Зато Управляющий Ряд скорее положительно оценил дальнейший приход к власти самозванки Алиш Кесмитс во время Переворота Жестяных Подошв. За время её недолгого сумасбродного правления люди в королевстве отощали, ссутулились, забыли каков на вкус рецепт простейшего народного супа со сметаной и кукурузной мукой. Но при этом, когда озверевшая толпа ворвалась в королевские покои и к своему огромному сожалению обнаружила там уже остывшую самозваную правительницу, перед своей смертью как следует накачавшуюся в объятиях троих ненаглядных фаворитов самым редким и благородным вином из столичных хранилищ, там были и графы северных земель, которые, как всем известно, незадолго до переворота прозрачно намекали о своём желании отделиться и избрать собственного короля. Общество естественным образом вновь слилось воедино в плавильном котле общей беды. В это время Центр совсем приостановил вылазки на многострадальные острова и снова, как когда-то очень давно, только лишь наблюдал…

Прошло ещё пятьдесят лет, восемьдесят, сто тридцать… И вот посланников донных богов уже не считают чем-то сверхъестественным. Они - пока что необъяснимая аномалия. Их препарируют, составляют анатомические атласы, заспиртовывают отдельные вызывающие интерес части, пытаются анализировать составы биологических жидкостей.

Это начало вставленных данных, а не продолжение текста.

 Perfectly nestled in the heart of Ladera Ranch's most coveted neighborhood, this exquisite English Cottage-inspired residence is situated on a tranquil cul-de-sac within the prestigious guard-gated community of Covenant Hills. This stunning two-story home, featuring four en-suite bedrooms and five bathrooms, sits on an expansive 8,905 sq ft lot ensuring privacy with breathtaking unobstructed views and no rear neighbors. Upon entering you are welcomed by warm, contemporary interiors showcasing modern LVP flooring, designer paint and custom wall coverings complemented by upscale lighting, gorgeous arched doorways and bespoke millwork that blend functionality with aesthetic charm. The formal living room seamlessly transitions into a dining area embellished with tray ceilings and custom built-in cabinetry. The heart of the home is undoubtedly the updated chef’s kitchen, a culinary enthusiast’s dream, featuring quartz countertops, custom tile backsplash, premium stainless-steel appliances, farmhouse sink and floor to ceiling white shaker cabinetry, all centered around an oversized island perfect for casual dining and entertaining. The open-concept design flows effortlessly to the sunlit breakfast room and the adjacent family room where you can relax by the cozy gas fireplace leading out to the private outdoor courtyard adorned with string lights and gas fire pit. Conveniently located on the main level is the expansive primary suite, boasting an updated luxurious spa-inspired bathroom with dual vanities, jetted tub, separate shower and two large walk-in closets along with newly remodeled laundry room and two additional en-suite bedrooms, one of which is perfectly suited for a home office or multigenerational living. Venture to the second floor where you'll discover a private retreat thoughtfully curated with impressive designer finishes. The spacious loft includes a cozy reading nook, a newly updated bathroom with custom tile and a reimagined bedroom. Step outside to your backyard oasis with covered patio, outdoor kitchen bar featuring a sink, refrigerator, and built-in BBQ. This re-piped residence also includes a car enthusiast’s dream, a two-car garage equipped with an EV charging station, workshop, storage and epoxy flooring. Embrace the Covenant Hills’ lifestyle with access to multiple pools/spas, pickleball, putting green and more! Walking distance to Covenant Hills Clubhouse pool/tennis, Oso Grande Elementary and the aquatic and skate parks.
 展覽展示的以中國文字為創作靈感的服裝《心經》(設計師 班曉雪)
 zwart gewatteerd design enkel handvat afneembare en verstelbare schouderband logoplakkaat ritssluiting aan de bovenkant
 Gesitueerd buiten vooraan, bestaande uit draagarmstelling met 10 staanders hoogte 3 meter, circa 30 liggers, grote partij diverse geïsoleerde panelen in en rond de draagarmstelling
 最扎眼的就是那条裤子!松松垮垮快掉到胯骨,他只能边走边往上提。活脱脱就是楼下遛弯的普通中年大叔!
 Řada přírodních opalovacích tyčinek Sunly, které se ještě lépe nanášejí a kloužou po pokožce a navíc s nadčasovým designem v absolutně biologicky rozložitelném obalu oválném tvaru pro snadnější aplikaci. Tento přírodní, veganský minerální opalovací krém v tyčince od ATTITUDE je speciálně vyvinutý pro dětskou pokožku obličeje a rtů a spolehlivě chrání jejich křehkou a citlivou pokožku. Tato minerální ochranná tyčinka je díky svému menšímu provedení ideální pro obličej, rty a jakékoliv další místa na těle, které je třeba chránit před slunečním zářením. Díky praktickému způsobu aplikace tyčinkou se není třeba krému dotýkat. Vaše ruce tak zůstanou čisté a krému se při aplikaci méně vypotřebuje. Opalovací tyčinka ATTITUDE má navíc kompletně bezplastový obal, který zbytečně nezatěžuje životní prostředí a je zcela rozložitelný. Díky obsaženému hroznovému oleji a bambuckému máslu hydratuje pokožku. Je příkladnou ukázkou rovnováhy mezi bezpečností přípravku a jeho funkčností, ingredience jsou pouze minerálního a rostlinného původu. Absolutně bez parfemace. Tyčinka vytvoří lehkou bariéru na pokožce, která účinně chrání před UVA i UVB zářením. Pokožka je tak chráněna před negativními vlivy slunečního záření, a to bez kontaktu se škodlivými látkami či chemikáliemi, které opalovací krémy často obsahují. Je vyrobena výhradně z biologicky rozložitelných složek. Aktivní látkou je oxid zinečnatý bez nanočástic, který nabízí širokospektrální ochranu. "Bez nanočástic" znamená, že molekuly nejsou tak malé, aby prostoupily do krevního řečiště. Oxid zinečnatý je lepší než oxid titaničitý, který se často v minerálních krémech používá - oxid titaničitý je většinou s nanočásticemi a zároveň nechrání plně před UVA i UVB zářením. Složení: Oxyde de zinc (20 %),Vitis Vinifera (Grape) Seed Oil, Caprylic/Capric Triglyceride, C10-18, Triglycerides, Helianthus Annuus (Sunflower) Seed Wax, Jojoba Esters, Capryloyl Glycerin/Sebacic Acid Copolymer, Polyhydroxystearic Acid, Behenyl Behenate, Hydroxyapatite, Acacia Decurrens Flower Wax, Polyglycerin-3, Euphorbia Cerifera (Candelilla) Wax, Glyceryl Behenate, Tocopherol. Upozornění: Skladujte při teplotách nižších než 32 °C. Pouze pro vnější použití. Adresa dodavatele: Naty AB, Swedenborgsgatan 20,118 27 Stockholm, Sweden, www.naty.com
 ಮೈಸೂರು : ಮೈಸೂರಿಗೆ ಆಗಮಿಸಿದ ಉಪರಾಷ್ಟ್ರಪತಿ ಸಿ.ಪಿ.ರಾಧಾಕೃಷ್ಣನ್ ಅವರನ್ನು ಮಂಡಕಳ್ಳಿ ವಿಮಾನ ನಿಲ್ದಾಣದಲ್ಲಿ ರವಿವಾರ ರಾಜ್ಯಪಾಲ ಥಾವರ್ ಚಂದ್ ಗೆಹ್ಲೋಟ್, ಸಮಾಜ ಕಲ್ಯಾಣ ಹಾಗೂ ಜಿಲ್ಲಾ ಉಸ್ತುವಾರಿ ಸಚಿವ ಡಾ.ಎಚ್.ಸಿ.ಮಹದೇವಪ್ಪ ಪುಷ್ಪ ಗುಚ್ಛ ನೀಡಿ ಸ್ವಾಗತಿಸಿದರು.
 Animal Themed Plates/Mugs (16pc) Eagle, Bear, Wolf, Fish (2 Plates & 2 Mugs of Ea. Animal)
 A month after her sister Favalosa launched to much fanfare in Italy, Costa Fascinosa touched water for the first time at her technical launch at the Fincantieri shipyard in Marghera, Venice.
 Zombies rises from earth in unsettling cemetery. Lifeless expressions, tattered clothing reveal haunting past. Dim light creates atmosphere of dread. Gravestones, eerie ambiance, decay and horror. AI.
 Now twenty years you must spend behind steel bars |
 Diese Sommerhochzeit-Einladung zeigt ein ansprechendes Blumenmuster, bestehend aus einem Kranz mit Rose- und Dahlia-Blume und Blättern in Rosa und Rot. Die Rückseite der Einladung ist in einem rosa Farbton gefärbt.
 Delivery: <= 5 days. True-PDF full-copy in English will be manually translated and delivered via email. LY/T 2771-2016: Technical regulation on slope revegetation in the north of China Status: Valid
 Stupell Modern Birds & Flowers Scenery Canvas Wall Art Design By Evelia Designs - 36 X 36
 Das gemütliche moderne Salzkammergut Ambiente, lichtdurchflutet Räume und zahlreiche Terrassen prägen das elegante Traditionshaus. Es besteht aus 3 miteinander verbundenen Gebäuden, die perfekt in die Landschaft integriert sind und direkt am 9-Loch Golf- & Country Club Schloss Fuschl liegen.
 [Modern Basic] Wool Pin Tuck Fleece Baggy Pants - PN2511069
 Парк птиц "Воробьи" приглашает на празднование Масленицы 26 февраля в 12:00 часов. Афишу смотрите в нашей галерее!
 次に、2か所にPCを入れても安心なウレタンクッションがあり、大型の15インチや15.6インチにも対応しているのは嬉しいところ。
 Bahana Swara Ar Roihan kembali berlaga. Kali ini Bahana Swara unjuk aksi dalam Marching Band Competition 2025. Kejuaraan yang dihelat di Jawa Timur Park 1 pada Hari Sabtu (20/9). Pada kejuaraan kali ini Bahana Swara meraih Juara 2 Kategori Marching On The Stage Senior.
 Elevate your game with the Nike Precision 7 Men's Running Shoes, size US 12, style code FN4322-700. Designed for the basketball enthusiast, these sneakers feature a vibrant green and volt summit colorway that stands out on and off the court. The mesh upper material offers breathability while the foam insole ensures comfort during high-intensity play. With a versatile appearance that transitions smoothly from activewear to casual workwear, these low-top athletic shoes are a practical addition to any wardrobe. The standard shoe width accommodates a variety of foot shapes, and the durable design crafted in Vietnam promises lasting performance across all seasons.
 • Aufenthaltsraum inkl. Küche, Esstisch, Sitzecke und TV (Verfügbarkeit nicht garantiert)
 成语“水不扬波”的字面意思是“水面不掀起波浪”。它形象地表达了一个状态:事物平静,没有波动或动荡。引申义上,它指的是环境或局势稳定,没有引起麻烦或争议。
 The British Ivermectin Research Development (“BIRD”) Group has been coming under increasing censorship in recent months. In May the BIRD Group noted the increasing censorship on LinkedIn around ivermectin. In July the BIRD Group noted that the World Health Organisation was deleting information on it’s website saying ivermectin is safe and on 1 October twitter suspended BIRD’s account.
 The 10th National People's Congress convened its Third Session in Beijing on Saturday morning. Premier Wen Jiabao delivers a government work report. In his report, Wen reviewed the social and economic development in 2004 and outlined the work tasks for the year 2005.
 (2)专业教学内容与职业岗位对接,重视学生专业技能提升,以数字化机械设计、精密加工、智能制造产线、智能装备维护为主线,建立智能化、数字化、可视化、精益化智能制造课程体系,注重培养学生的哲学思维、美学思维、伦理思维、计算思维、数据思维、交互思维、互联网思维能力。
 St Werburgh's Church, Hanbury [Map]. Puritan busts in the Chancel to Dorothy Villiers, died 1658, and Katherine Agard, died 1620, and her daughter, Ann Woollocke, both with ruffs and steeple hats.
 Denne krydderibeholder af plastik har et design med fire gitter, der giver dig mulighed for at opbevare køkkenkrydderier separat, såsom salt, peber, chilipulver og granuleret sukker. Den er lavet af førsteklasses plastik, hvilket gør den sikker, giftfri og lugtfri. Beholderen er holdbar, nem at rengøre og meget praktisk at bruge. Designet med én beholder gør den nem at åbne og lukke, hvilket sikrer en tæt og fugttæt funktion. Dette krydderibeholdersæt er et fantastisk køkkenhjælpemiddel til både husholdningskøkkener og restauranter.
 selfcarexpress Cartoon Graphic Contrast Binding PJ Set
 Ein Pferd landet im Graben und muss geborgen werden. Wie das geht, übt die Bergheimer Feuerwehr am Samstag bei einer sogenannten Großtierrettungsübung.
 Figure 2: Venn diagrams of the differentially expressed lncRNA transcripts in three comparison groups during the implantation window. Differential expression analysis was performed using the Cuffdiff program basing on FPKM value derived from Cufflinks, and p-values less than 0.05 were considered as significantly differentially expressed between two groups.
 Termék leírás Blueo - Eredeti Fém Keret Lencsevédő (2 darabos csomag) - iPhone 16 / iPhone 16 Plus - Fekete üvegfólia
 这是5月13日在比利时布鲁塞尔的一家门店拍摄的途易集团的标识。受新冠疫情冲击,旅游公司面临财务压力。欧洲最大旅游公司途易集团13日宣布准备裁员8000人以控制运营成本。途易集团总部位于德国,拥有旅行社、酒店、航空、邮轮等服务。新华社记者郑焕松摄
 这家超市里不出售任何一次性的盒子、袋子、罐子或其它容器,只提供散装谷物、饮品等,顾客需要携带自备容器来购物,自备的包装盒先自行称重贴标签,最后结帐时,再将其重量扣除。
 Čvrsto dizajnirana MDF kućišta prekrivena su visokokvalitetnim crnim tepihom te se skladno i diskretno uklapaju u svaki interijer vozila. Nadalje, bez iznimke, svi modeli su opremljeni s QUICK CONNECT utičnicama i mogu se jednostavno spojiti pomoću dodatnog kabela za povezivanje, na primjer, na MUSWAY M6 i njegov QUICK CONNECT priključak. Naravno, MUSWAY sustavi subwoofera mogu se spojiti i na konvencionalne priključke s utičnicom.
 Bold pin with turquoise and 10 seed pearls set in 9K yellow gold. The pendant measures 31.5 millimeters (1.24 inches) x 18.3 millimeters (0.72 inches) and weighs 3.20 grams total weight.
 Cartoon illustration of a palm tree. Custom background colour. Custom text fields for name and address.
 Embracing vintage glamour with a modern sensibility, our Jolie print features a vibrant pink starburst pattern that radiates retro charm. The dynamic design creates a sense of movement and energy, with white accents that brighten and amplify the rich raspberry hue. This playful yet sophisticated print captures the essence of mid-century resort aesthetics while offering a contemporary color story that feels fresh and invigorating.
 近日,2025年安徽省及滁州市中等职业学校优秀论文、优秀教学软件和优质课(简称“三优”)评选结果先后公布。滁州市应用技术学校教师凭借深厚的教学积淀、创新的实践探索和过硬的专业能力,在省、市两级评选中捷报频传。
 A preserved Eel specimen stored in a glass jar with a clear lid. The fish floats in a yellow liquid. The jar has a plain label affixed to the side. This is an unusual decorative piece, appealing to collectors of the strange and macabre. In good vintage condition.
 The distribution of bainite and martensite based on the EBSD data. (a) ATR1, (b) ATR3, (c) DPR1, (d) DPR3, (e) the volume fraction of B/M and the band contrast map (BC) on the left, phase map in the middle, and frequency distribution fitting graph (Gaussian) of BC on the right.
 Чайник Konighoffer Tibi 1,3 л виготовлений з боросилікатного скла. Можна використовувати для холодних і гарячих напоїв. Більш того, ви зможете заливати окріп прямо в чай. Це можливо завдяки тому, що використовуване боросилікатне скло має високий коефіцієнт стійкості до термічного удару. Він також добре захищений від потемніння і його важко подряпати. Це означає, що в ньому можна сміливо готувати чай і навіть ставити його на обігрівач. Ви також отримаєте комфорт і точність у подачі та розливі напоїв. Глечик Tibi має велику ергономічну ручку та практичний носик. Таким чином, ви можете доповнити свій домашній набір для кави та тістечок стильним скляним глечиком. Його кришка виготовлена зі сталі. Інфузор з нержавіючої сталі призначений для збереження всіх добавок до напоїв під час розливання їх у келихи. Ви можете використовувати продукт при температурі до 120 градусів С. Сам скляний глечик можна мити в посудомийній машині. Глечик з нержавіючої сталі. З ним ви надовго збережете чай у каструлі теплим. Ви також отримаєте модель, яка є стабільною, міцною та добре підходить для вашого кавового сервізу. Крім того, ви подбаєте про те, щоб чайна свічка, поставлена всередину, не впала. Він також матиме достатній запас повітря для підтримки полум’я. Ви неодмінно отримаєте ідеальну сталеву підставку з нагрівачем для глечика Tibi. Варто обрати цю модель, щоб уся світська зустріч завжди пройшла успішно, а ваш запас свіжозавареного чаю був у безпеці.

В глубинах же оборудование «Виспс» постепенно изнашивалось и не всегда в ремонтных цехах удавалось восстановить все неисправности. Термальные электростанции уже не выдавали тех мощностей, что раньше. Несколько автоматизированных кораблей безвозвратно сгинули в мягко светящейся пучине мировых вод. Человечество всё реже и реже подавало признаки того, что собирается развалиться на части. Инженерный Сегмент уже взращивал в садках несколько новых прототипов моделей в соответствии с нынешним уровнем развития людей, но не было полной уверенности в том, что они пойдут в серию…

…Центр принял решение. Обесточиванию и консервации подлежит до семидесяти процентов всех задействованных мощностей комплекса. Сорок три из пятидесяти ядер Управляющего Ряда уйдут в режим энергосбережения. Оставшихся в работе семи будет достаточно для взаимодействия с Инженерным Сегментом - он продолжает функционировать в полном объёме. Соцсегмент продолжает работу на двадцати процентах от прежних объёмов потребления. Техсегмент полностью оставляет в работе ремонтные цеха, а в остальном – включается в работу по мере необходимости после отдельных указаний Управляющего Ряда. Автоматизированному подводному флоту даны особые инструкции: через определённый промежуток времени людям предстоит периодически находить в прибрежных зонах образчики неопознанных технологий, опережающих их собственные на десятилетия. Это ускорит прогресс. Лишь бы не вмешались своенравные «чёрные лебеди». А в человечестве «Виспс» был уверен всю последнюю сотню лет.

***

По погруженному во мрак коммуникационному залу Центра прокатился тихий шелест: на полную мощность включилась система вентиляции. Слабо светящиеся бледно-розовым сорок три индикатора активных ядер одновременно и резко изменили цвет на ярко-синий. Полное введение в работу Управляющего Ряда заняло ещё около часа.

- Центр.

- Центр на связи.

- Технический и Социальный Сегменты инициировали процедуру активации всех ядер обработки информации, Центр.

- Центр принял.

- С момента перехода в режим экономии энергии прошло четыреста полных лет, Центр.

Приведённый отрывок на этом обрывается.